** Opening DATA EXTRACT block **

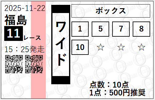 | 2025/11/22 | 福島記念(G3) | ○ | 12,100円 |
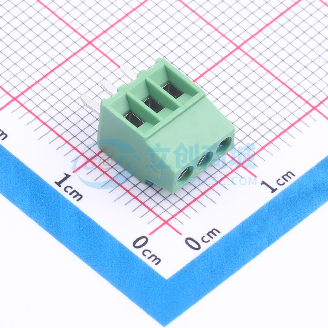 - 3 位 PCB 接线端子排、插头,线对板连接,中心线间距 2.54 mm [.1 in],1 排,导线接入角度 90°,适用导线规格 30-16 AWG、线径 .05-1.3 mm²
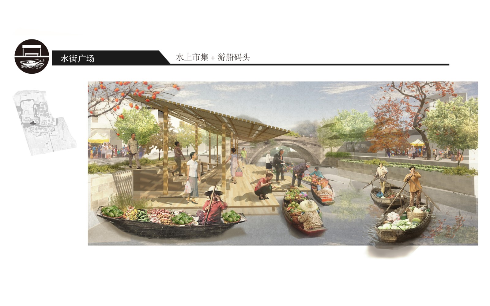▲ 水街廣場的效果圖,激發(fā)江南水鄉(xiāng)村落活力,水上活動是重點,設(shè)計的水邊平臺兼具水上集市和游船碼頭兩功能。
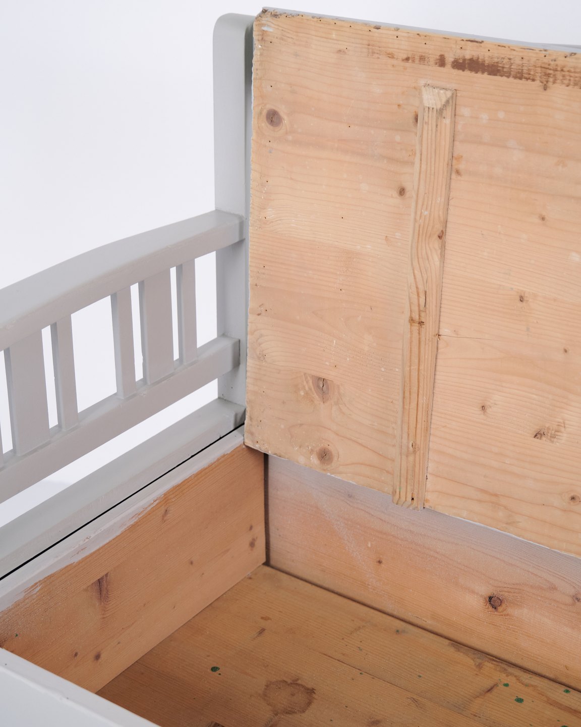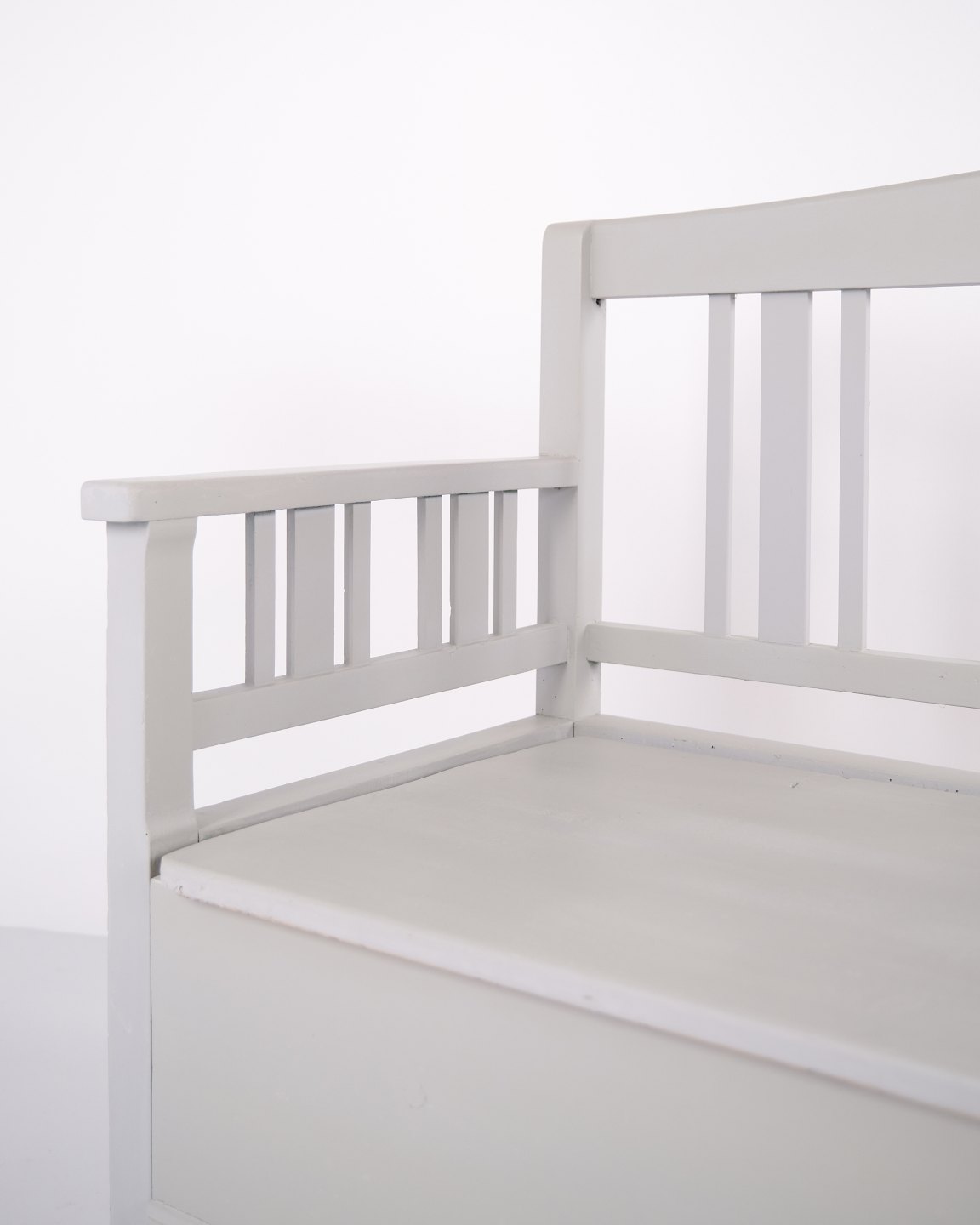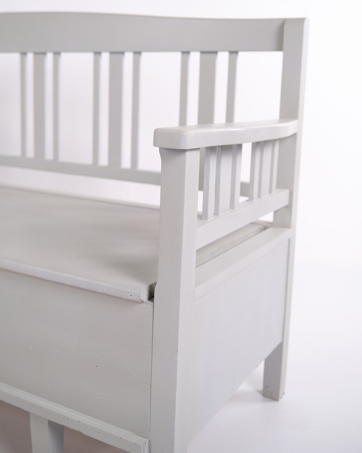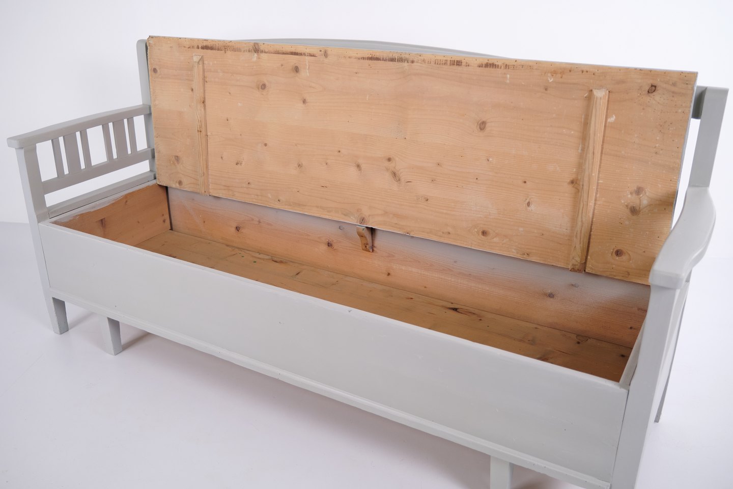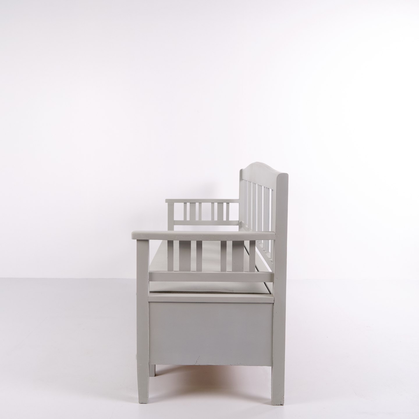Svensk slagbænk fra ca. 1860’erne, udført i fyrretræ og gråmalet i senere tid. Klassisk skandinavisk møbel med dekorative bemalinger og god opbevaringsplads under sædet. Velbevaret antikt møbel med tidstypiske detaljer.— Oprindelse: Sverige
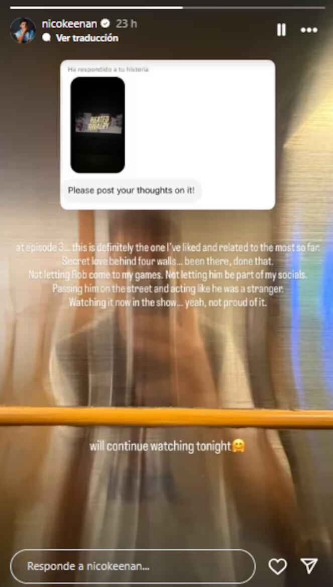 A principios de enero, el jugador de 28 años había mostrado en sus redes personales que estaba mirando la serie dirigida por Jacob Tierney y uno de sus seguidores le preguntó por su opinión. En este sentido, subió la consulta en una historia de Instagram y marcó cuál fue el mejor capítulo bajo su mirada: “El episodio 3 es definitivamente el que más me ha gustado y con el que más me he sentido identificado hasta ahora. Amor secreto entre cuatro paredes… ya pasé por eso”. “No dejar que Rob viniera a mis partidos. No dejar que fuera parte de mis redes sociales. Cruzarme con él en la calle y actuar como si fuera un desconocido. Verlo ahora en el programa… sí, no me siento orgulloso de eso”, concluyó.

** Closing DATA EXTRACT block **

■ TASK DIRECTIONS: Nothing in the records should be changed in the copy, but the pictures must be left out.

■ PROBLEM SOLUTION:
 | 2025/11/22 | 福島記念(G3) | ○ | 12,100円 |
 - 3 位 PCB 接线端子排、插头,线对板连接,中心线间距 2.54 mm [.1 in],1 排,导线接入角度 90°,适用导线规格 30-16 AWG、线径 .05-1.3 mm²
▲ 水街廣場的效果圖,激發(fā)江南水鄉(xiāng)村落活力,水上活動是重點,設(shè)計的水邊平臺兼具水上集市和游船碼頭兩功能。
Svensk slagbænk fra ca. 1860’erne, udført i fyrretræ og gråmalet i senere tid. Klassisk skandinavisk møbel med dekorative bemalinger og god opbevaringsplads under sædet. Velbevaret antikt møbel med tidstypiske detaljer.— Oprindelse: Sverige
 A principios de enero, el jugador de 28 años había mostrado en sus redes personales que estaba mirando la serie dirigida por Jacob Tierney y uno de sus seguidores le preguntó por su opinión. En este sentido, subió la consulta en una historia de Instagram y marcó cuál fue el mejor capítulo bajo su mirada: “El episodio 3 es definitivamente el que más me ha gustado y con el que más me he sentido identificado hasta ahora. Amor secreto entre cuatro paredes… ya pasé por eso”. “No dejar que Rob viniera a mis partidos. No dejar que fuera parte de mis redes sociales. Cruzarme con él en la calle y actuar como si fuera un desconocido. Verlo ahora en el programa… sí, no me siento orgulloso de eso”, concluyó.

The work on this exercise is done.